The Swiss Guard symbolizes the power of the Pope in the temporal sphere
This vibrant unit represents, first, the right the Church has to defend her territory; second and consequently, it speaks of the Church's right to have her own territories. Third, the institution of Swiss Guard also supposes that the Church should have temporal states.
The Swiss Guard is not the only symbol of these rights. The silver key on the papal coat-of-arms symbolizes that the Pope should rule the temporal sphere indirectly. At the same time, he should rule the spiritual sphere directly, a power represented by the gold key.
Even in our liberal world, there are not many Catholics who dare to contest the Pope's spiritual authority, represented by the golden key. Since Vatican Council II, however, there has been much contestation of the Holy Church's right to have territories or intervene in temporal affairs.
So, the importance of this living relic of the Catholic armies of times past - the only official military corps of the Papacy that still survives - is to affirm the right of the Church to have territories and to be a sovereign nation in the temporal sphere.
This also means that Catholics have the right to defend themselves using force in accordance with the law. Jesus Christ is the Prince of Peace - there is no doubt about this truth - but when peace is endangered or God's will cannot be executed, there should be a military power ready to enforce the Divine Law.
The splendor of truth
Catholic Philosophy teaches us that beauty is the splendor of truth and goodness. In a certain way this applies to the Swiss Guard.
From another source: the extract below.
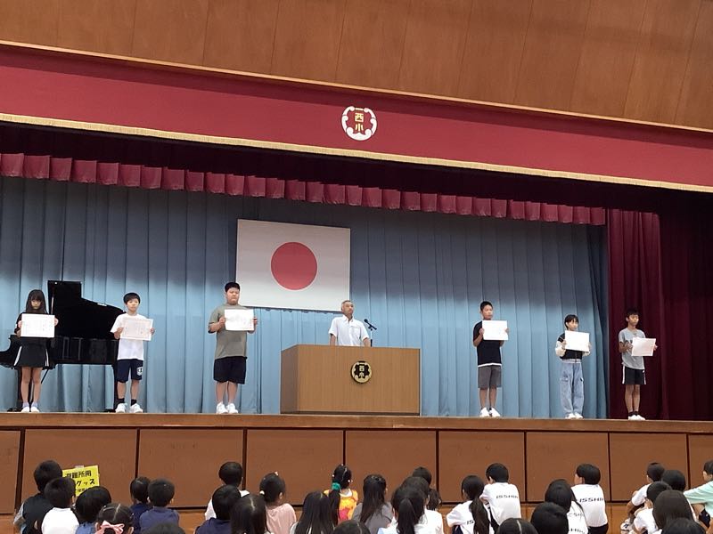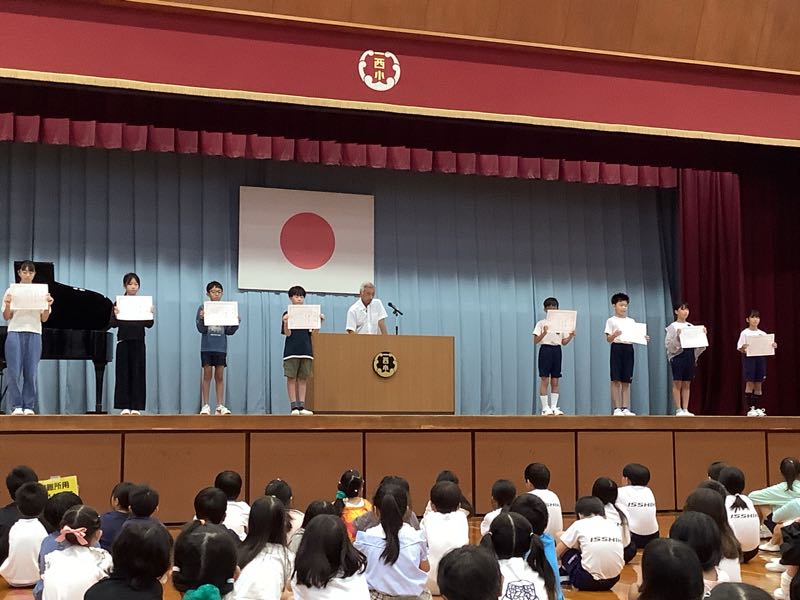 今日の全校朝会で、後期の児童会役員、委員会委員長、学級委員の任命がありました。 役員・委員長の所信表明では、「笑顔いっぱいにしたい」「元気で楽しい学校にしたい」「あいさつを学校の自慢にしたい」と、一色西部小学校をもっとよくしたいという気持ちが伝わってきました。

The Swiss Guard is undoubtedly a picturesque institution, with their vibrant multi-colored uniforms and banners, and their shining armor and weapons. It is also one of the last remaining symbols that link us to the beautiful institutions of the Middle Ages. Although the uniforms were actually designed by Michelangelo under the order of Pope Julius II - and therefore in the Renaissance - the attire retained many traits that characterized a medieval corps of soldiers. The spirit of Switzerland at that time was still that of the Middle Ages.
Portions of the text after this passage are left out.